Médiapart censure un article qui critique l’antivaxx Michèle Rivasi, par Yann Kindo
Yann Kindo, auteur du blog la faucille et le labo, hébergé –et, parfois- censuré par Médiapart (AS).
C’est la deuxième fois que Médiapart me dépublie un de mes billets de blog.
Quand on est abonné à Médiapart, on peut utiliser la possibilité de publier des articles sur un blog personnel, ce que je fais depuis 2010, avec 154 articles publiés à ce jour. Mon blog s’intitule La Faucille et le labo, parce que pour l’essentiel il traite des relations entre science et politique d’un point de vue qui est à la fois marxiste et rationaliste. C’est assez pratique et facile d’utilisation pour un glandu dans mon genre, c’est pour ça que je blogue là et pas ailleurs. Cela ne m’offre aucune visibilité supplémentaire, parce que depuis des années Médiapart a complètement arrêté de mettre en avant le moindre de mes articles, même quand on y trouve, ce qui est plutôt rare sur le Club de Médiapart, de véritables informations nouvelles qui ne sont pas un recopiage ou une répétition de ce que d’autres ont déjà écrit ailleurs. Pour autant, je sais notamment par Facebook que des centaines voire quelques milliers de gens lisent parfois certains de mes articles, et il m’arrive d’en rencontrer par hasard, ce qui est toujours très surprenant pour moi. J’ai appris que des gens qui comptent pour moi me lisent régulièrement, comme par exemple Géraldine Woessner, l’excellente journaliste qui sur Europe 1 et à propos de questions scientifiques fait un travail d’information et de débunkage que Médiapart ne fait plus depuis que Michel de Pracontal n’y travaille plus.

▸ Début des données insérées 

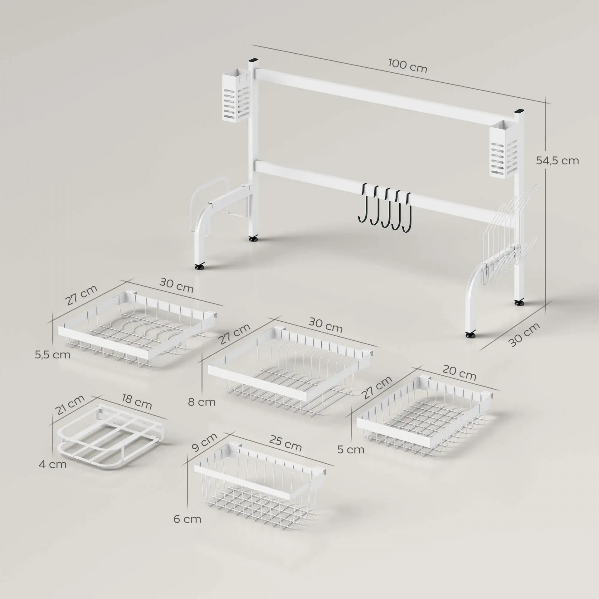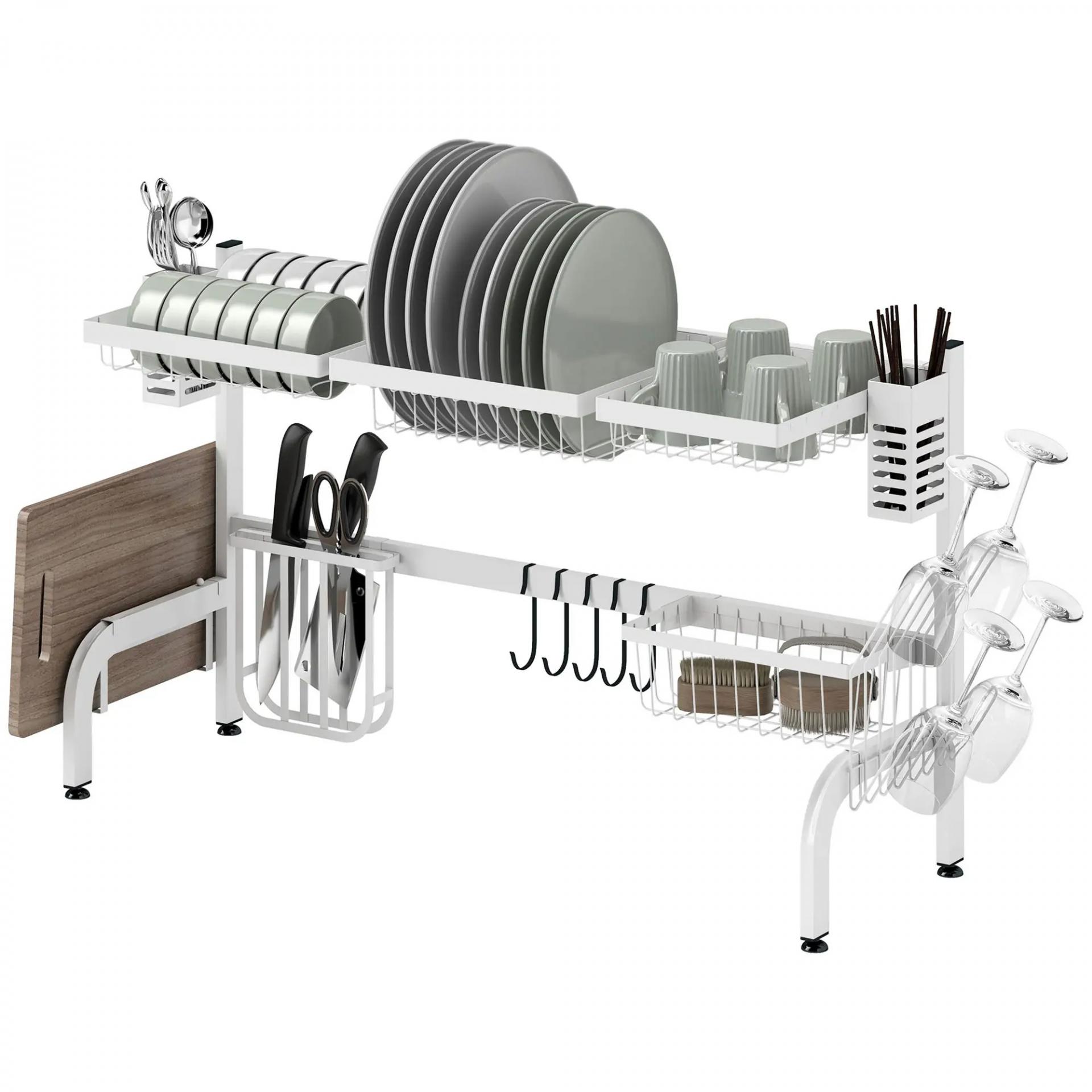 Escurreplatos de Acero de 2 Niveles para Fregadero con Soporte de Tabla de Corte y Cubiertos 100x30x54,5cm Blanco

La première fois que Médiapart a dépublié un de mes articles, c’était en septembre 2018. Le journaliste Jean-Baptiste Malet venait de publier dans les Monde Diplomatique de juillet et d’août deux enquêtes à charge contre Pierre Rabhi. Il m’avait contacté par téléphone les semaines précédentes pour dire qu’il avait apprécié mes articles sur le sujet. Comme je suis ardéchois, je suis un peu le cas Rabhi de près, et j’ai reconnu dans un des articles du Diplo des éléments de grille de lecture et des infos brutes que j’avais d’abord avancés sur mon blog. Le Monde Diplomatique ne renvoyait pourtant jamais à mes papiers, mais leur exposition sur le Net a sans doute été démultiplié par le buzz autour de la figure de Rabhi cet été-là... d’où le retour de bâton. Ainsi, un jour de septembre, j’ai appris que Médiapart avait dépublié un de mes papiers, et ce sans explication et sans me consulter auparavant. C’est l’article qui présentait les positions de Rabhi sur le Mariage pour Tous et l’homosexualité, en expliquant que le gourou des bobobios était en quelque sorte « gentiment homophobe ». Je n’ai jamais eu de réponse officielle à mes demandes d’explication sur ce qui dans l’article pouvait bien contrevenir à la charte de Médiapart, ni quel passage pouvait être considéré comme injurieux ou diffamatoire. Comme on me le demandait souvent, j’ai depuis republié cet article en l’expurgeant moi-même et un peu à l’aveugle de quelques passages les plus virulents, au cas où :
Et hier, ça a recommencé.
Cette fois-ci, c’est un article consacré à Michèle Rivasi qui a disparu de la même manière, sans doute là aussi à la suite d’une plainte de la figure titulaire ou de l’un de ses adeptes. Dans les deux cas, c’est deux ou trois ans après leur parution que les articles ont été censurés, preuve que leur contenu diffamatoire avait jusque-là complètement échappé au très sourcilleux Club de Médiapart. Par contre, c’est au moment où d’autres relayaient le contenu de mes articles, et qu’avec plus d’exposition ils nuisaient donc indirectement plus à la réputation de ces personnes, que la censure s’est exercée.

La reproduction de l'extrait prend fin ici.